La realtà aveva conferito un immagine completamente diversa, urtando i miei occhi, demolendo pezzo dopo pezzo tutto lo spaventoso romanticismo di cui credevo di essere circondata. Era melma quella che toccavano le suole delle mie scarpe, erano ladri la gente che mi affiancava, che non rischiava l'anima ma la vita. Un gigante a mille teste e mille braccia si era fissato in una forma eterna, visibile, palpabile. Con parole che sono state messe di traverso, nella corrente di un fiume inarrestabile e impetuoso, raggruppandosi, combinandosi, amalgamandosi, scendendo, salendo, rovinando al suolo, ammassandosi nel cielo.
Ho letto questa storia in un principale momento della mia vita. Sino a poco tempo prima, non conoscevo il significato della parola amore. Ingenua, romantica e sognatrice sempre. Incontri inaspettati talvolta possono davvero cambiare la nostra vita, persino un banale romanzo come questo: mi ha rinvigorito, donato una gioia incontenibile che è trapelata da ogni dove, padrona di un destino di cui non ne conoscevo nemmeno l'esistenza. Quasimodo ed Esmeralda. Figure cupe e infelici che mi hanno fatto risplendere di luce. Fatto fiorire con melodie, cadenze inattese, frasi semplici cosparse di note taglienti e sibilanti, in cui predomina l'armonia, in morbide ondulazioni d'ottave.
C'è stato in tutto questo un non so ché di particolarmente vertiginoso, potente ed inebriante dal quale è stato davvero difficile concepirne un'idea precisa. Adesso che ho terminato il romanzo, mi domando: che ne ha fatto il tempo, che ne hanno fatto gli uomini di questa meraviglia? La storia del gobbo Quasimodo e della bella Esmeralda risuonerà nelle mie orecchie per tanto tempo, sulla soglia di un epoca che si sta avviando verso la distruzione. Una tempesta emotiva, visiva che alla fine è solo un rumoreggiare che alita dolcemente sul nostro collo. Contemplazione estatica con la quale il lettore vede i suoi più reconditi desideri realizzarsi nel silenzio di un vasto uditorio. Viaggiatrice, osservatrice, esploratrice che ha ascoltato ogni singola parola di questa storia, persa nel bel mezzo della folla nascosta dagli sguardi furtivi di gente curiosa e avida.
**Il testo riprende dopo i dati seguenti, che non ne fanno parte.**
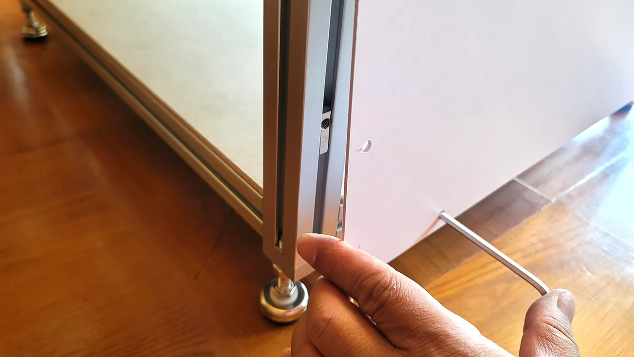 위 그림과 같이 프로파일 구조 바깥에 판재를 덧붙이는 방법도 있고, 프로파일 내부 터널에 넣어서 마감하는 방법도 있고, 멀티블록과 같은 판재 고정 부품을 이용해서 판재를 조립하는 방법 등 다양하게 있지만, 여기서는 간편하게 프로파일 바깥 터널에 판재를 덧붙이는 형태로 조립한다.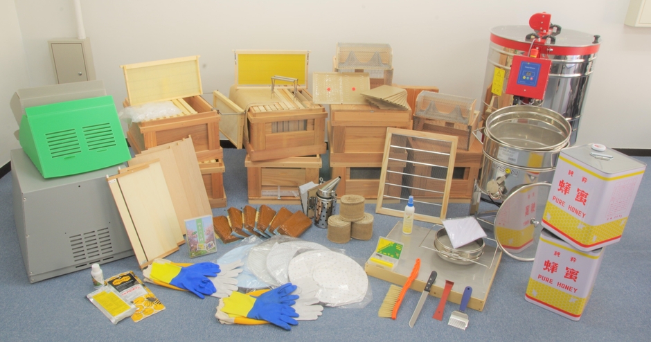 遠心分離器(遠心力の原理で巣から蜂蜜を採取する)、はちみつタンク、燻煙器(煙で蜂をおとなしくさせる。巣の手入れに必須)、養蜂着、面布(蜂刺されを防御)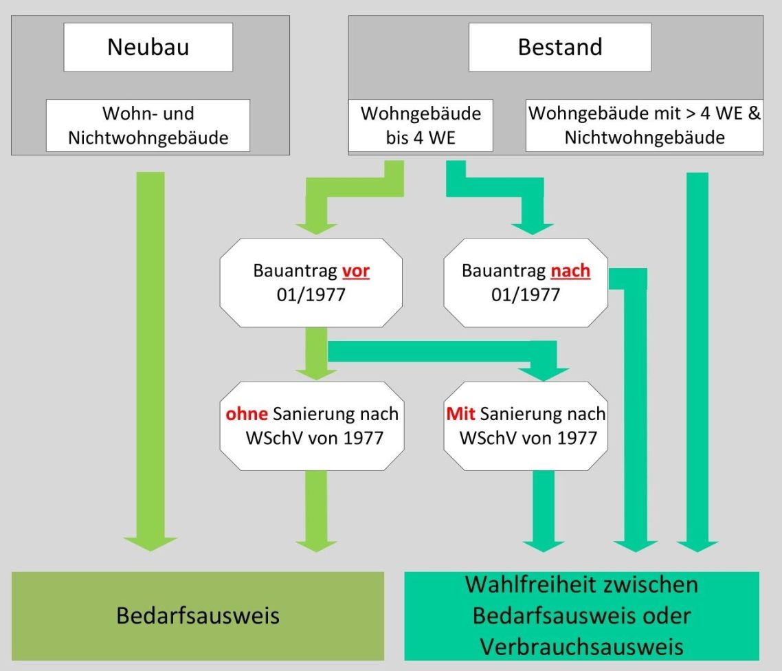 (Ausnahme: Das Gebäude hat mehr als 4 Wohneinheiten, in diesem Fall darf auch ein Verbrauchsausweis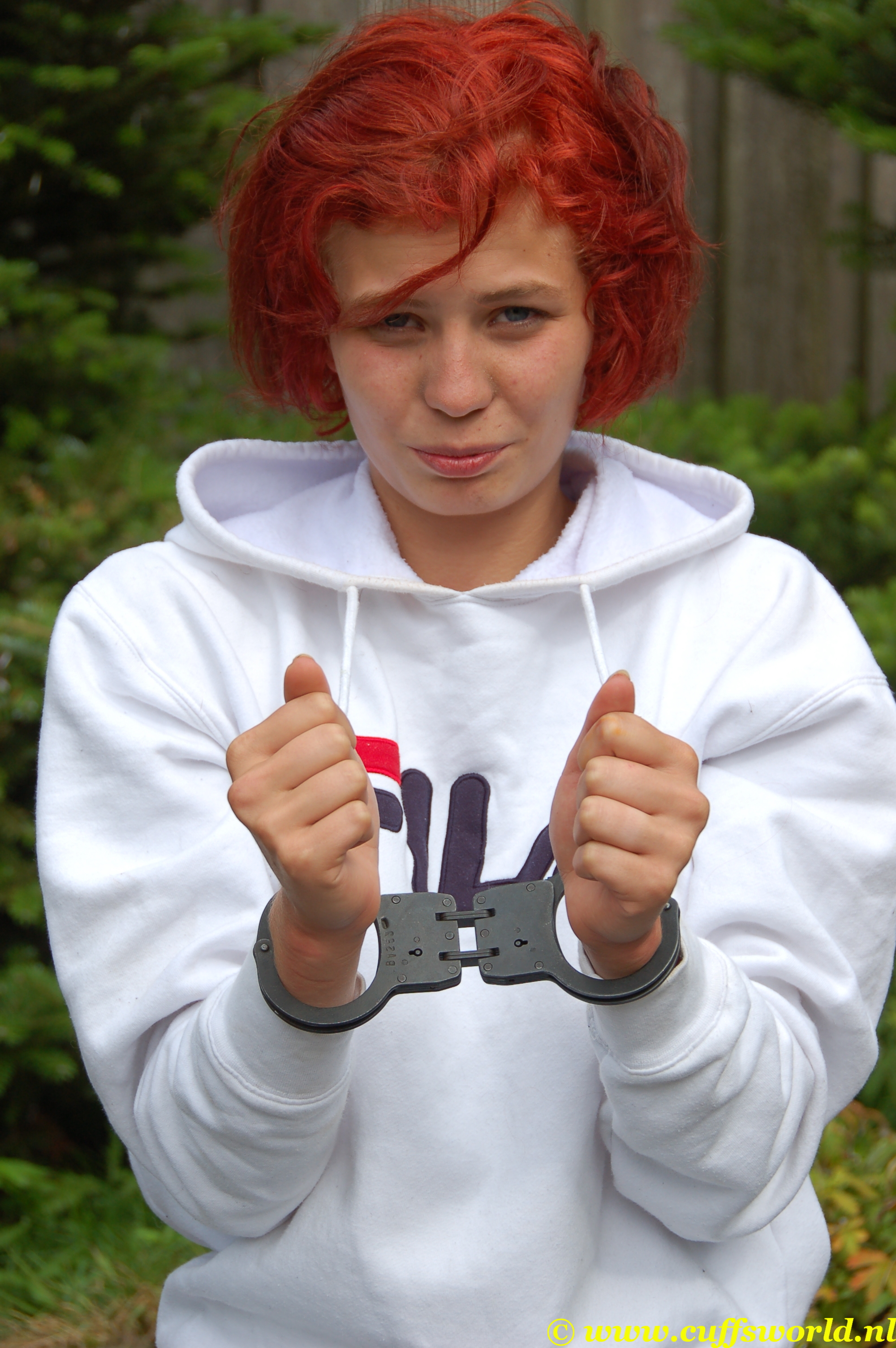 An other picture set with our red haired model Eva, she is dressed up with a lightblue and tight jeans a nice white Fila hoodie ans on her feet a pair of beautiful sneakers, al we can do is make the finishing tough with a black pair of russian BRS-3 convoy Handcuffs, and cuffed her to pole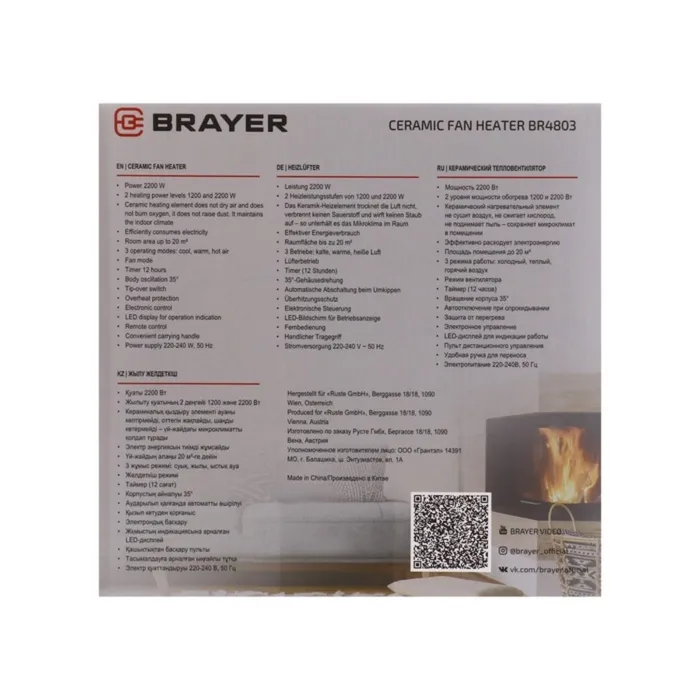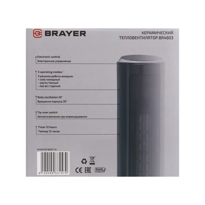 Тепловентилятор BRAYER BR4803, 2200 Вт, 2 режима, напольный — Характеристики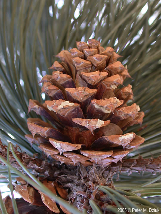 Kiefer - Nadeln vorwiegend zu dritt, Schuppenschild mit kräftigem Dorn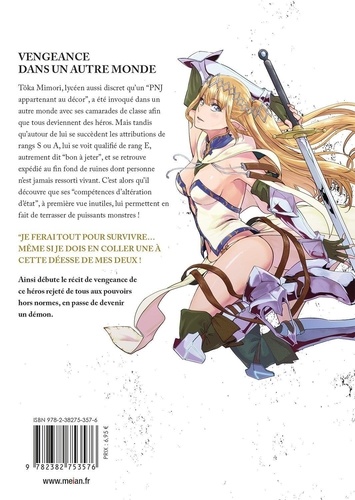 VENGEANCE DANS UN AUTRE MONDE. Tôka Mimori, lycéen aussi discret qu'un "PNJ appartenant au décor", a été invoqué dans un autre monde avec ses camarades de classe afin que tous deviennent des héros. Mais tandis qu'autour de lui se succèdent les attributions de rangs S ou A, lui se voit qualifié de rang E, autrement dit "bon à jeter", et se retrouve expédié au fin fond de ruines dont personne n'est jamais ressorti vivant. C'est alors qu'il découvre que ses "compétences d'altération d'état", à première vue inutiles, lui permettent en fait de terrasser de puissants monstres ! Je vais me rebeller contre ce monde... Avec ces capacités dont ils se sont tant moqués ! Ainsi débute le récit de vengeance de ce héros rejeté de tous aux pouvoirs hors normes, en passe de devenir un démon. En terrassant des monstres, un adolescent se métamorphose peu à peu en démon.
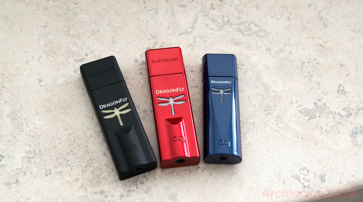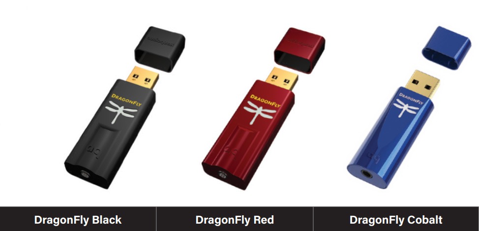 AudioQuest DragonFly Red là USB DAC/amp được ra mắt năm 2016, sử dụng chip DAC ESS ES9016 32-bit, hỗ trợ giải mã 24-bit/96kHz, với đầu ra 2.1V mạnh mẽ, tương thích với hầu hết tai nghe và hệ thống âm thanh. DragonFly Cobalt, ra mắt năm 2019, là phiên bản cao cấp hơn với chip DAC ESS ES9038Q2M, bộ lọc “slow roll-off minimum phase” cho âm thanh tự nhiên, và vi xử lý Microchip PIC32MX274 tiết kiệm điện, tăng tốc độ xử lý 33%.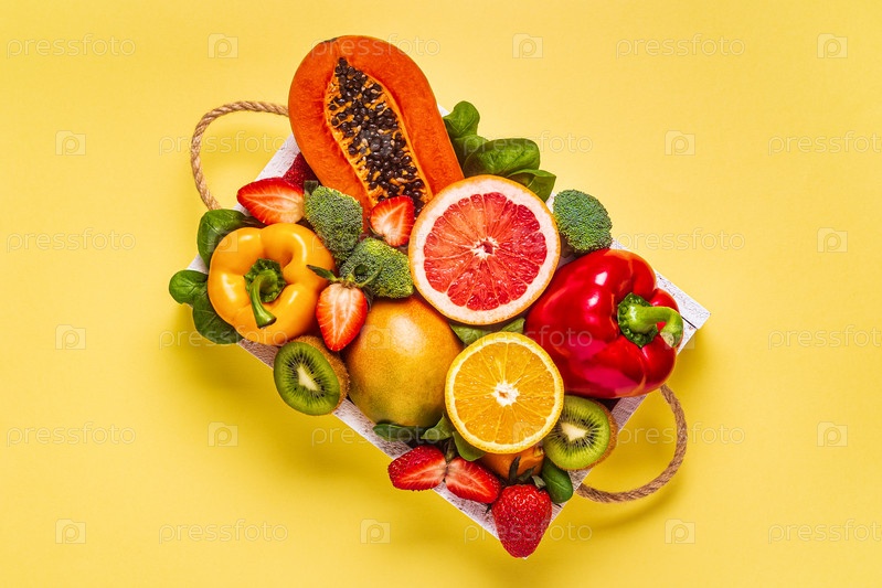 Фрукты и овощи, богатые витамином С, в коробке. Здоровое питание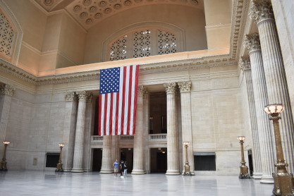 Elizabeth and I walked into the Great Hall in Chicago Union Station then went to Jersey Mike's for linner. While Elizabeth waited there to order, I walked over to Walgreen's for a new Copper Fit knee support. I was successful and returned shortly to enjoy our good food, after which we walked to the front of Metra 2011 for a picture.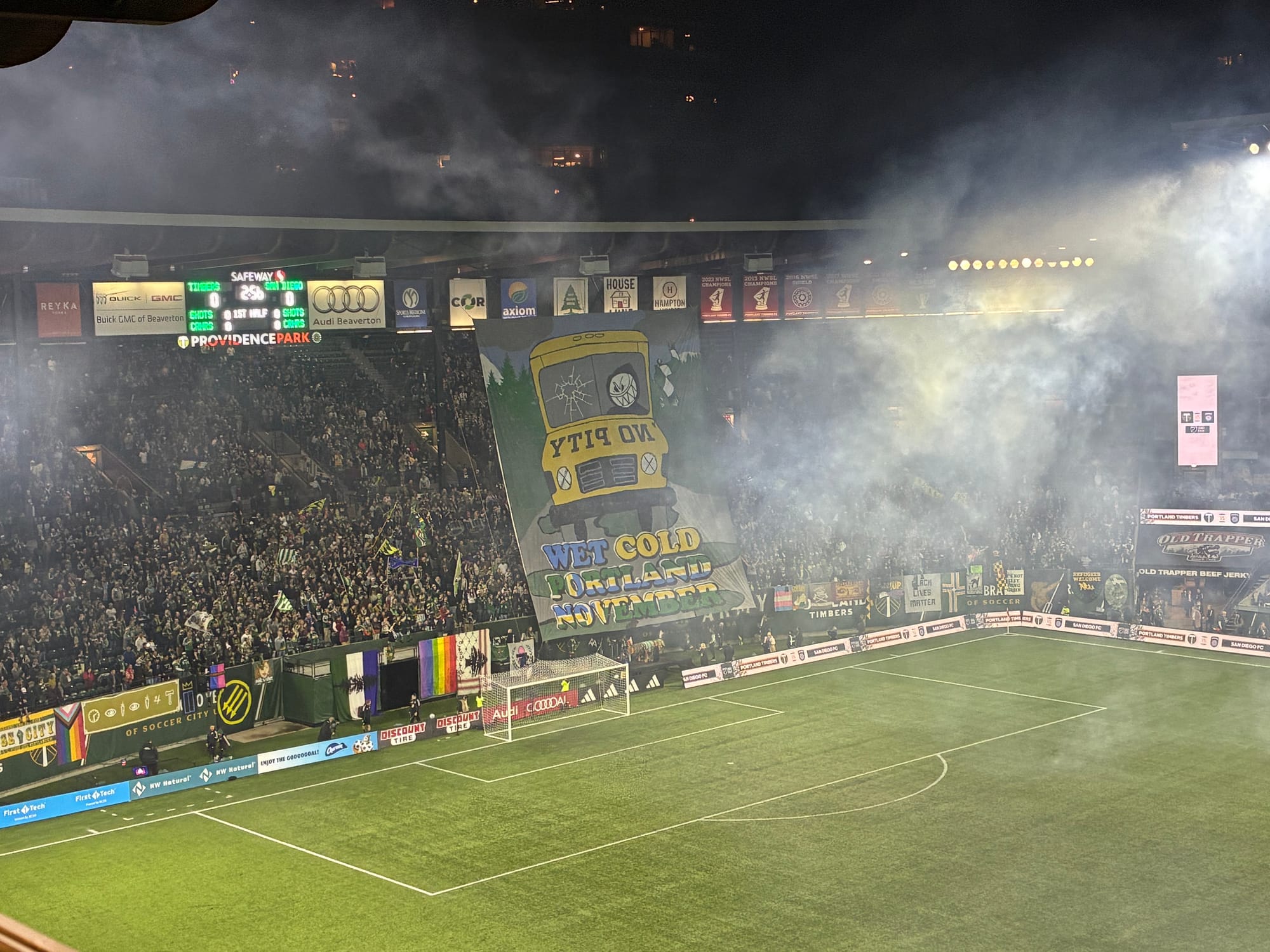 With the Park seeing it's first non-Wild Card playoff game action since 2021, the Timbers Army met the moment with a beautiful tifo display paying homage to the "Wet, Cold, Portland November".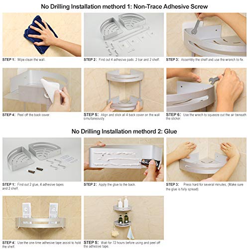 2 Methoden der Installation ohne Bohren – Aufkleber und Klebstoff. Aufkleber sind geeignet für jede glatte Oberfläche, kleben Sie das Duschregal aber nicht auf bemalte Wände oder Tapeten. (Paket enhält 2 Klebstoffe, die für glatte und raue Oberflächen geeignet sind.)Bitte kontaktieren Sie den Verkäufer, Bitte wenden Sie sich an den Verkäufer, wenn das Regal kratzt oder das Regal fällt, wird der Verkäufer Ihnen helfen, sich zu ändern.

Non guardare la faccia, fanciulla. Guarda il cuore.
Il cuore di un bel giovane è spesso deforme. Vi sono cuori ove l'amore non si conserva.


Valutazione d'inchiostro: 5

2 commenti:

  1. Mi hai stregato con questa recensione ^_^ E' uno di quei libri che vorrei leggere da sempre, ma che neanche ho nella mia libreria. Devo rimediare, assolutamente!